(DATA EXCERPT)

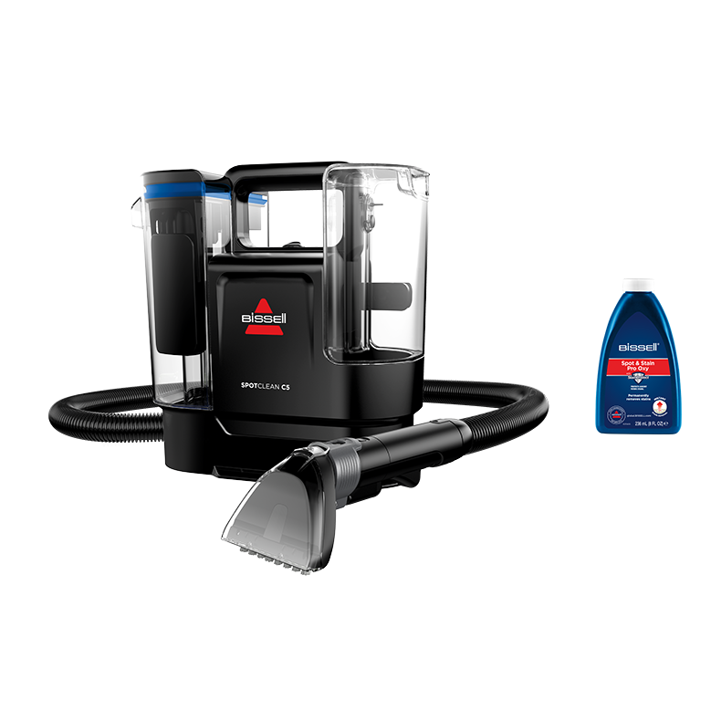 Výkonný 400 W tepovač koberců a čalounění BISSELL® SpotClean® C5 Select je nepostradatelný společník pro snadné odstraňování skvrn a fleků ve vašem domově. Fleky stačí nastříkat připraveným roztokem, vykartáčovat a nepořádek odsát. Odstraňte špínu z čalounění, koberců, koberečků, zvířecích pelíšků a interiérů automobilů. Díky extra dlouhé vestavěné hadici s 10 cm kartáčovým nástavcem Tough Stain Tool se dostanete všude tam, kde je třeba. Lehká konstrukce pro snadnou manipulaci a kompaktní velikost pro bezproblémové uskladnění. Díky systému dvou oddělených nádrží se drží čistá a špinavá voda odděleně, takže vždy čistíte čistým roztokem. V balení s čisticím prostředkem BISSELL Spot & Stain Pro Oxy.
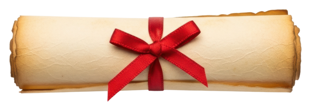 Aged paper scroll with red ribbon isolated PNG, vintage diploma or certificate on transparent background
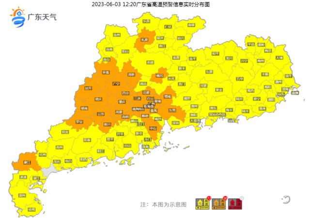 2日白天,我省继续出现大范围高温天气,最高气温具体分布为:沿海市县、清远北部31℃~34℃,其余市县普遍介于35℃~37℃,其中广州花都录得全省最高气温38.1℃。截至3日10时,全省各区县高温橙色或黄色预警信号继续生效中。
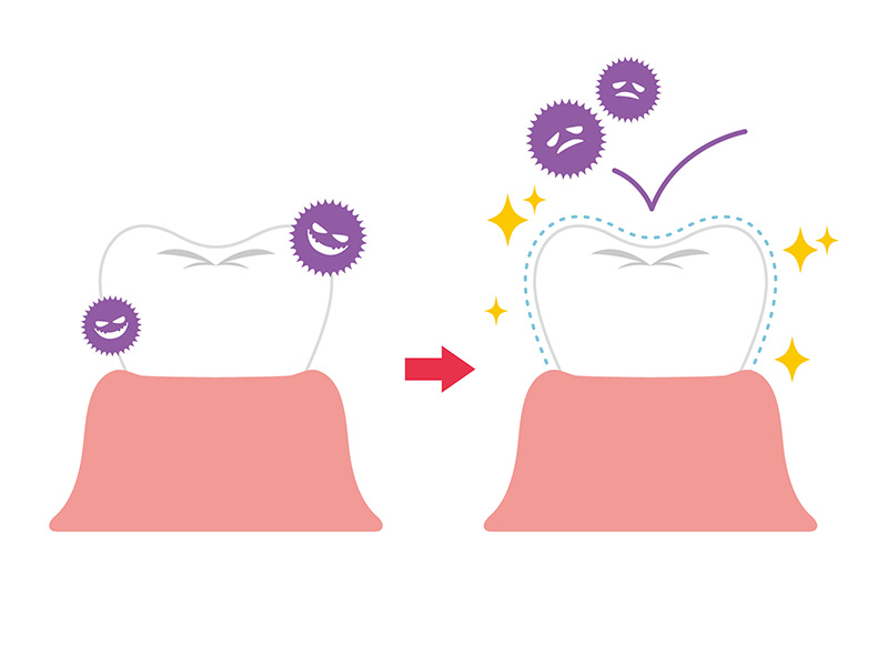 フッ素は溶けてしまった歯を戻すことを促進するとともに、歯を強くする作用があります。市販の歯みがき粉のほとんどに配合されていますが、濃度や使用方法によって効果が大きく減弱するため、患者さまに合った良い使用方法や頻度を説明させていただきます。

(End DATA EXCERPT)

Pictures do not belong in the copy. Repeat exactly each line from the one with "2日白天,我省继续出现大范围" through the end of the listing.

◆ RESPONSE BELOW:
 2日白天,我省继续出现大范围高温天气,最高气温具体分布为:沿海市县、清远北部31℃~34℃,其余市县普遍介于35℃~37℃,其中广州花都录得全省最高气温38.1℃。截至3日10时,全省各区县高温橙色或黄色预警信号继续生效中。
 フッ素は溶けてしまった歯を戻すことを促進するとともに、歯を強くする作用があります。市販の歯みがき粉のほとんどに配合されていますが、濃度や使用方法によって効果が大きく減弱するため、患者さまに合った良い使用方法や頻度を説明させていただきます。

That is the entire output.